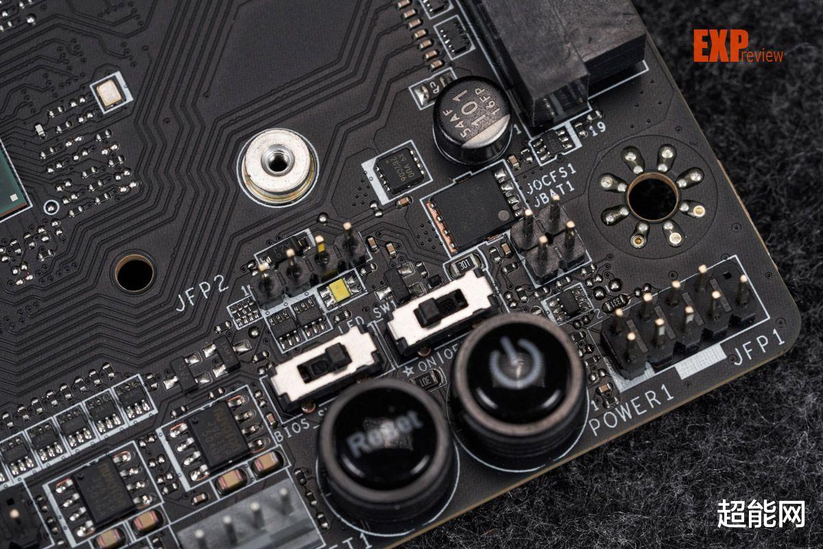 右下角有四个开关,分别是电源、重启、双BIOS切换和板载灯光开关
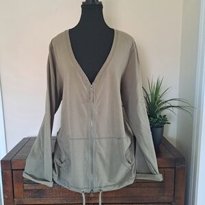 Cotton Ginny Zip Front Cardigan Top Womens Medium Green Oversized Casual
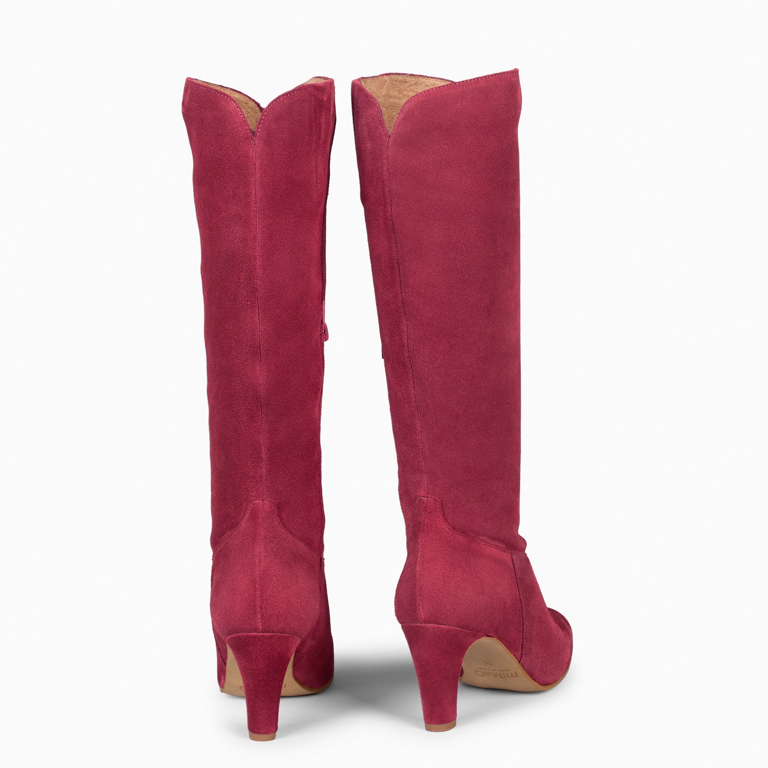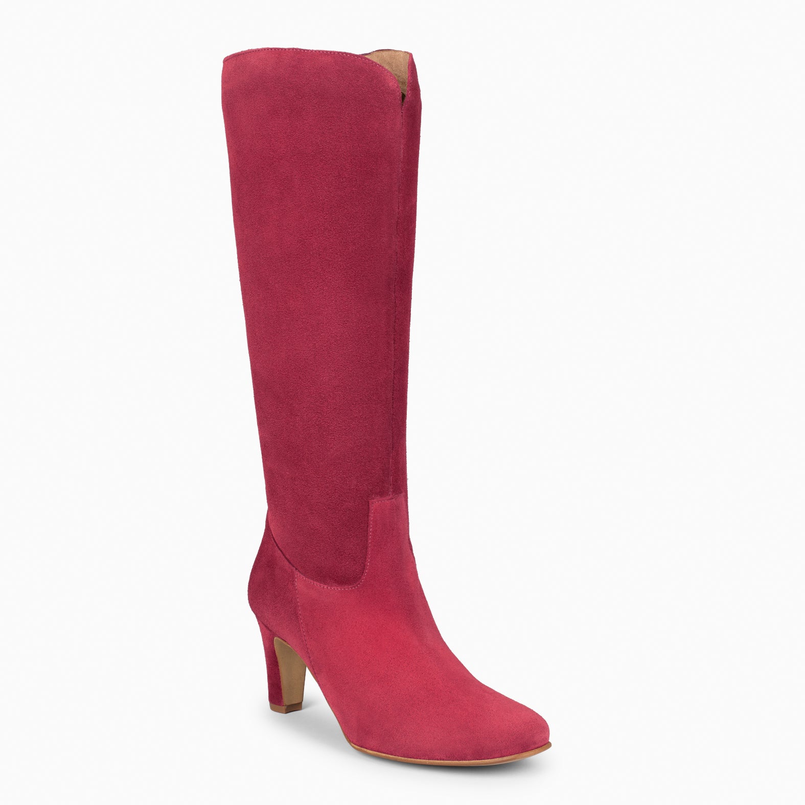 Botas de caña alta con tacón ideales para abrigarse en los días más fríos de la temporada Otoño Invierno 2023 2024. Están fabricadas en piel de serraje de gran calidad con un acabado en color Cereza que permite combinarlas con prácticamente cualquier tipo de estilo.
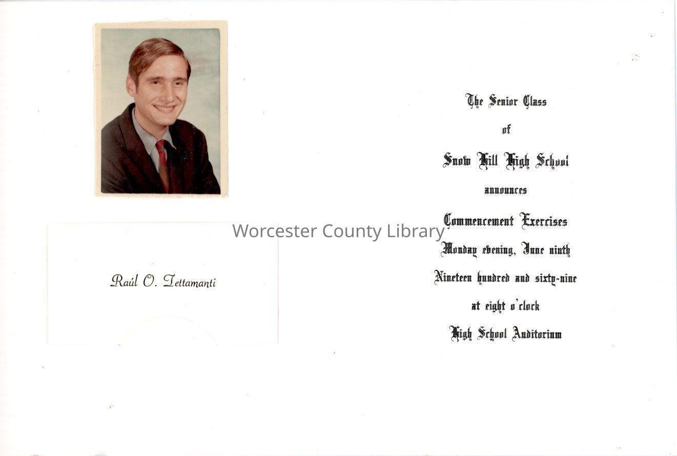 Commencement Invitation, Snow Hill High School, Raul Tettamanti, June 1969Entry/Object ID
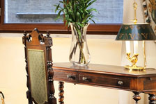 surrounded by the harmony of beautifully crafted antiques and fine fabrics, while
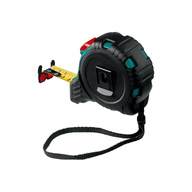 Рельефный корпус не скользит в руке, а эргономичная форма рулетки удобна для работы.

---

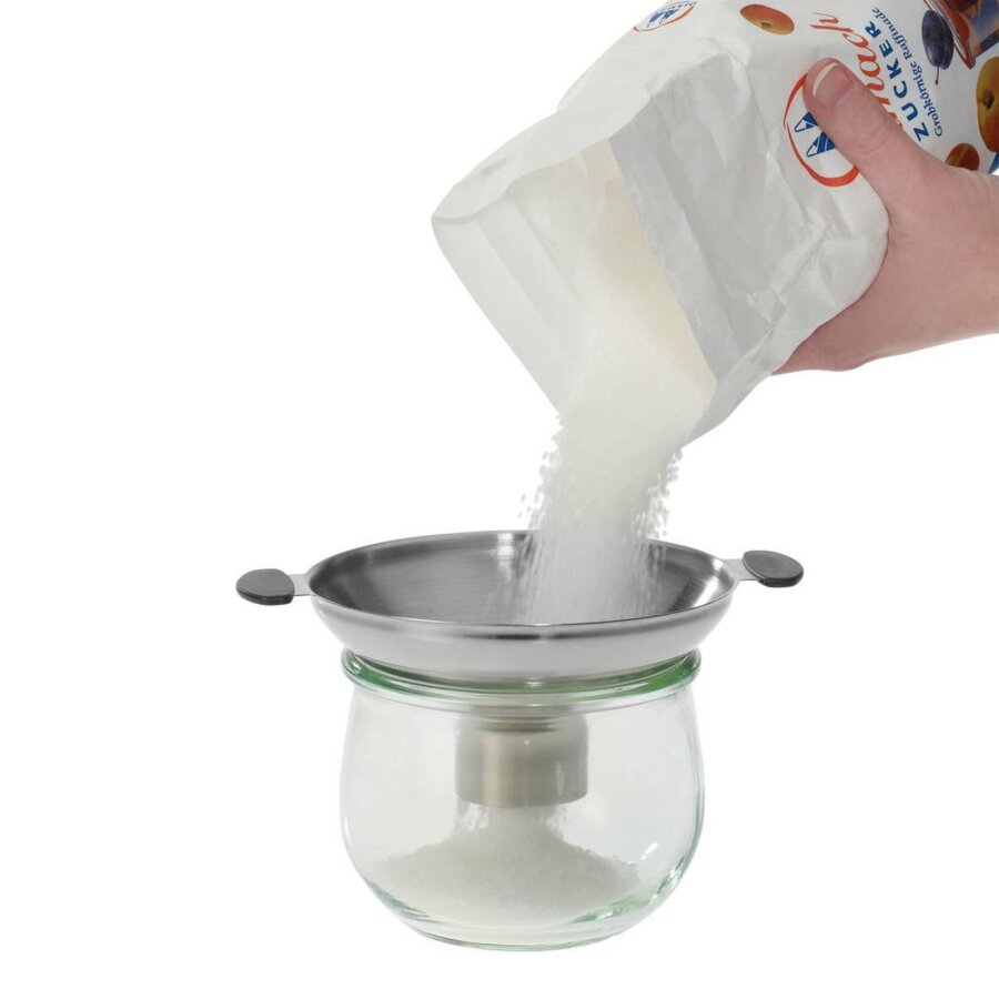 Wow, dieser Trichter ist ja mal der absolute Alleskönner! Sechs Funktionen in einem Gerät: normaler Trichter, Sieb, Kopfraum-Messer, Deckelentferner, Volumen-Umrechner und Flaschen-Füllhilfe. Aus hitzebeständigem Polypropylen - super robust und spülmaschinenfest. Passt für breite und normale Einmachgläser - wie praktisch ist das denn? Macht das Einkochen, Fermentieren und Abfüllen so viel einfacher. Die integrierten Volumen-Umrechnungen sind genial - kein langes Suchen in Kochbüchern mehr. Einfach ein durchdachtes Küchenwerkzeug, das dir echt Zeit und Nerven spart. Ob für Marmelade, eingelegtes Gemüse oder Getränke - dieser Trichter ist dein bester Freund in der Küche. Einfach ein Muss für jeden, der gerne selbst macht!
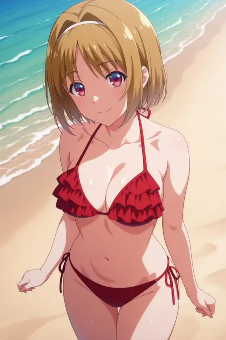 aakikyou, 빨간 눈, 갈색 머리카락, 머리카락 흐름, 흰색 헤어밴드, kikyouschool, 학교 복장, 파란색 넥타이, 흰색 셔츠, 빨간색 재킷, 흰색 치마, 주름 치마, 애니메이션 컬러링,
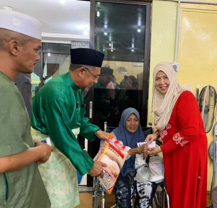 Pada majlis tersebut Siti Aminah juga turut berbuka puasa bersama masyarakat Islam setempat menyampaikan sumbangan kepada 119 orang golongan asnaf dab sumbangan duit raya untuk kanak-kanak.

## Task
Among the entries above, copy exactly the stretch from the line holding "Botas de caña" through the line holding "Рельефный корпус не", leaving out any pictures.

## Exercise response
 Botas de caña alta con tacón ideales para abrigarse en los días más fríos de la temporada Otoño Invierno 2023 2024. Están fabricadas en piel de serraje de gran calidad con un acabado en color Cereza que permite combinarlas con prácticamente cualquier tipo de estilo.
 Commencement Invitation, Snow Hill High School, Raul Tettamanti, June 1969Entry/Object ID
 surrounded by the harmony of beautifully crafted antiques and fine fabrics, while
 Рельефный корпус не скользит в руке, а эргономичная форма рулетки удобна для работы.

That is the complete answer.